- Exercise:
No pictures belong in the result; set down exactly the lines from the one containing "微博传播分析:基于该电影在微" through the final line of the listing, and nothing more.

- Recorded data:
▶

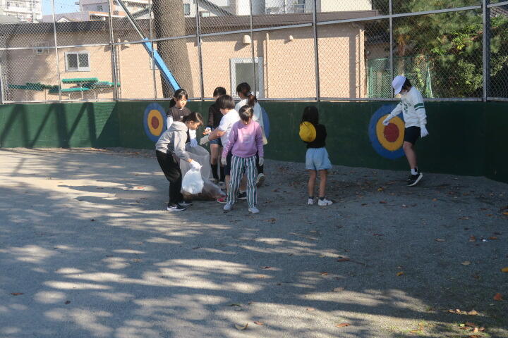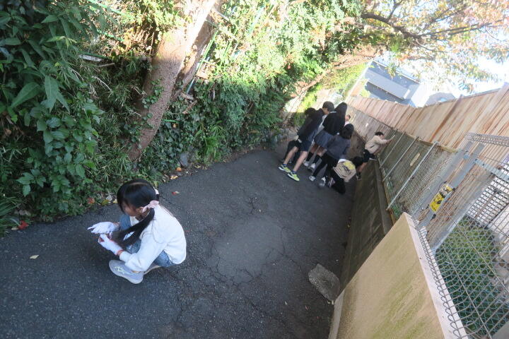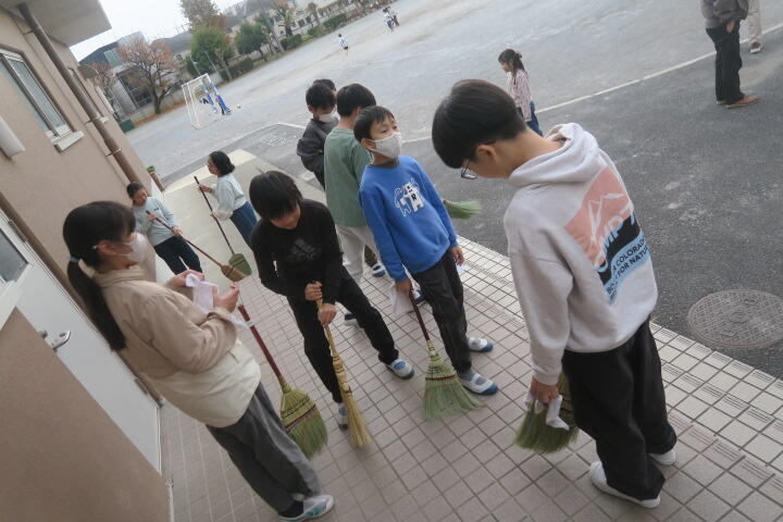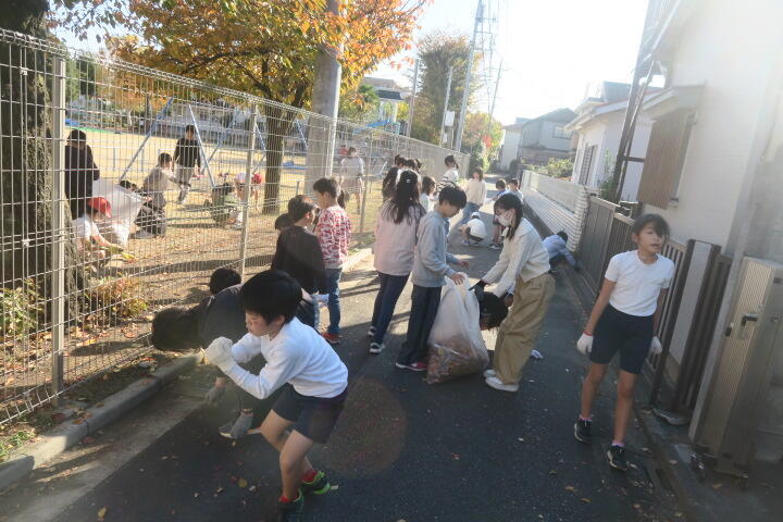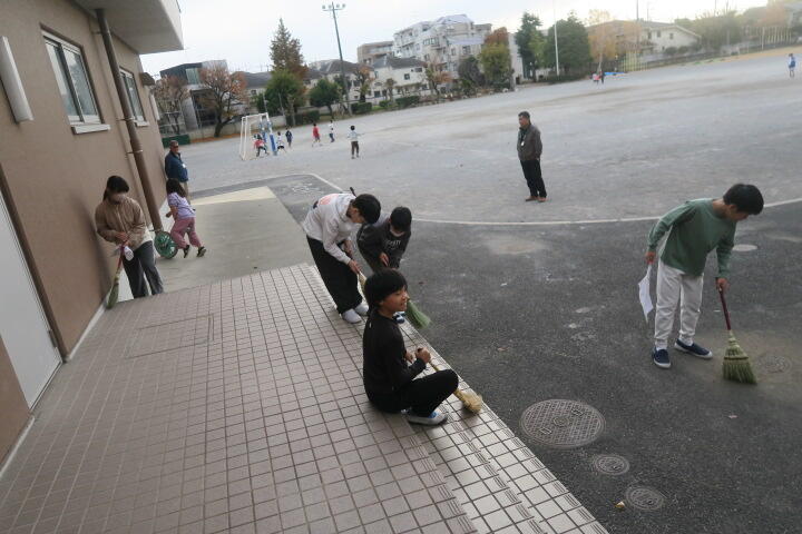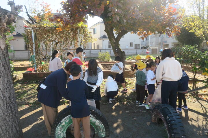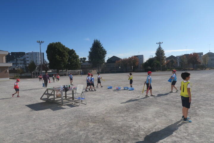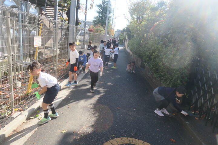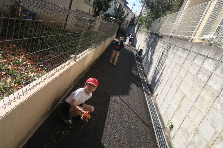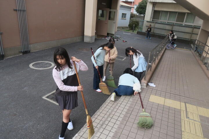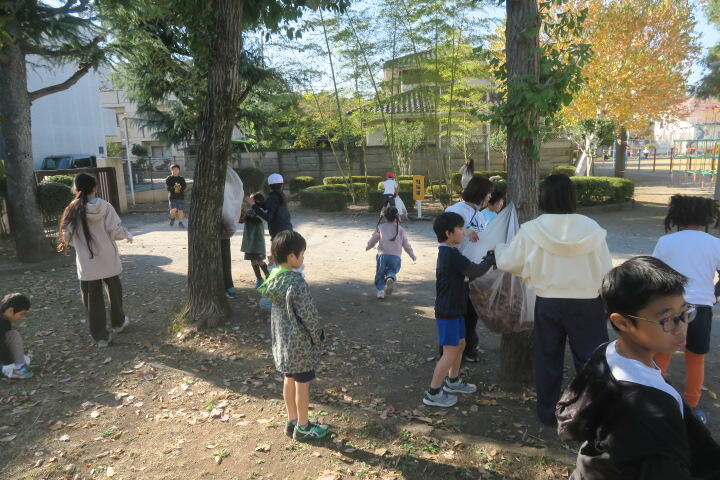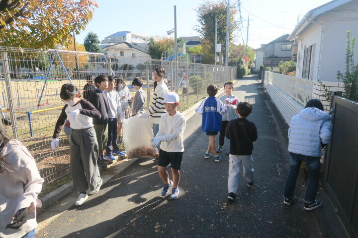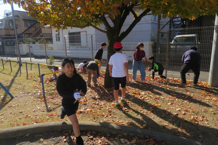 本日の清掃はたてわり班活動の落ち葉掃きです。
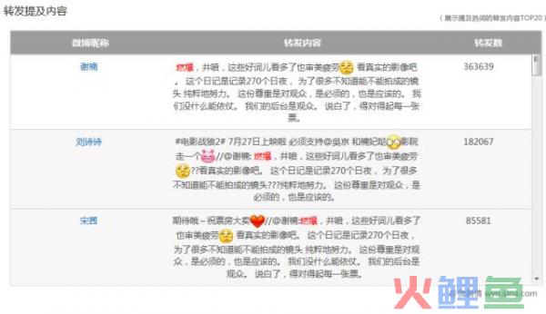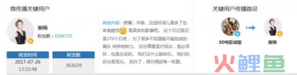 微博传播分析:基于该电影在微博的某条强大影响力和传播情况的分析,了解该条微博的传播规律,互动粉丝的画像,以及水军的辨识。
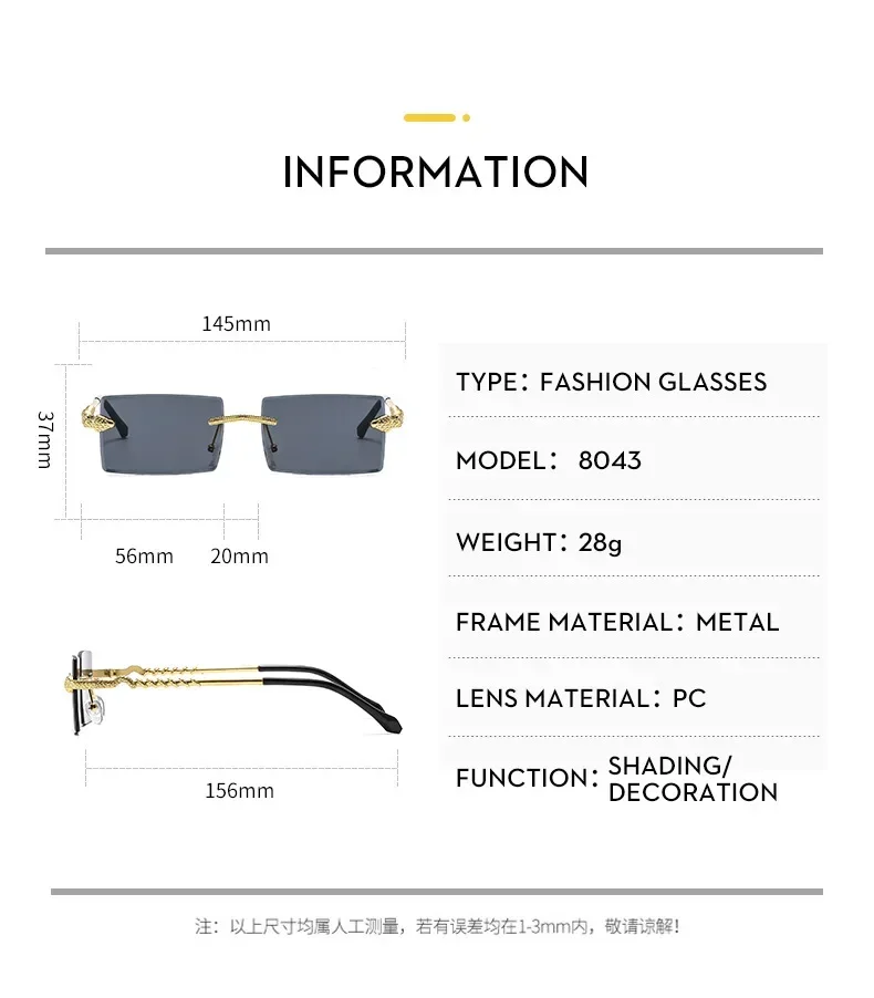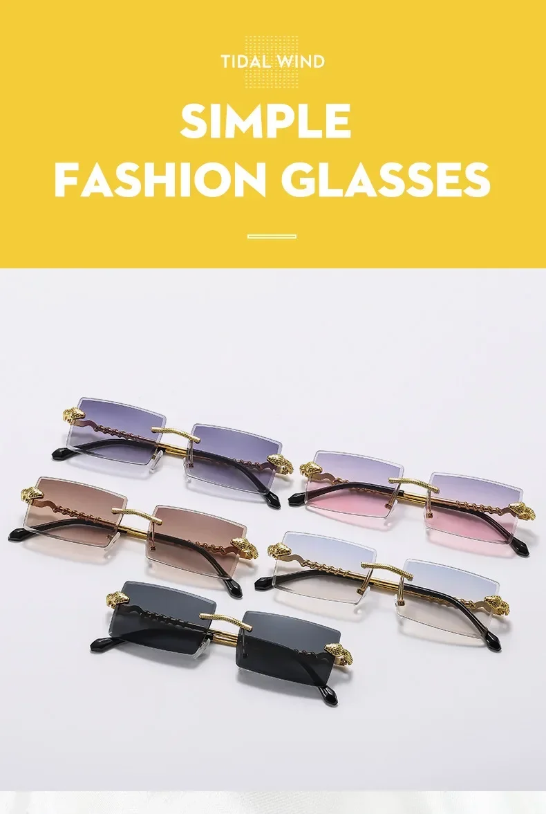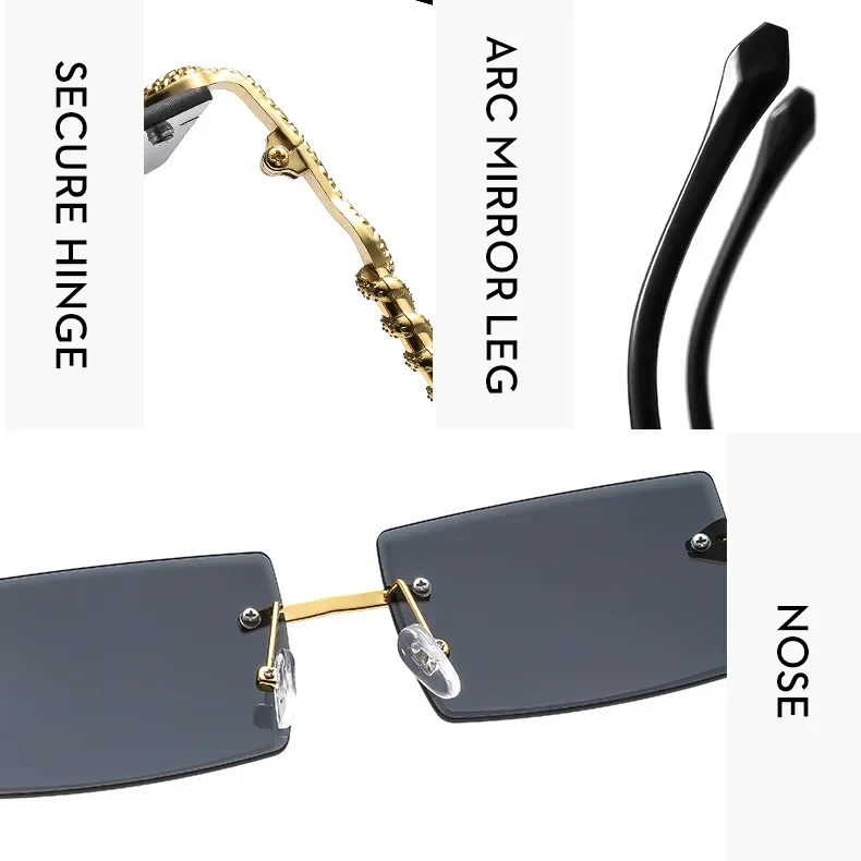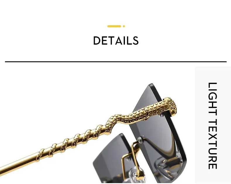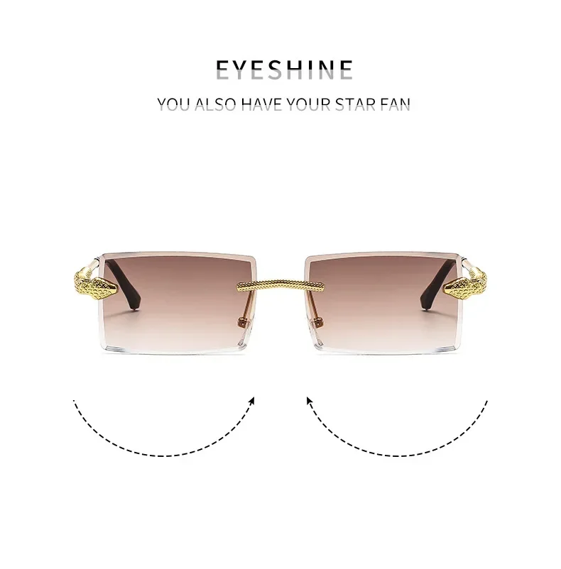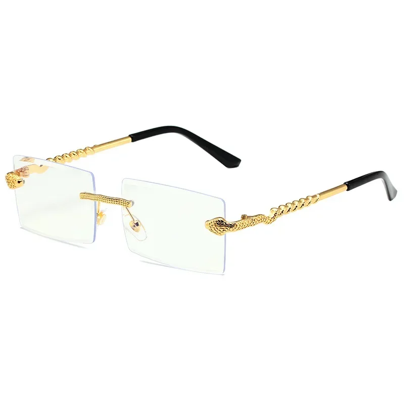 Óculos de sol feminino de luxo, armação quadrada sem aro, tendência torcida, perna de cobra, gradiente, para homens, moda de luxo, anti-uv

◀

- Response to the exercise:
 微博传播分析:基于该电影在微博的某条强大影响力和传播情况的分析,了解该条微博的传播规律,互动粉丝的画像,以及水军的辨识。
 Óculos de sol feminino de luxo, armação quadrada sem aro, tendência torcida, perna de cobra, gradiente, para homens, moda de luxo, anti-uv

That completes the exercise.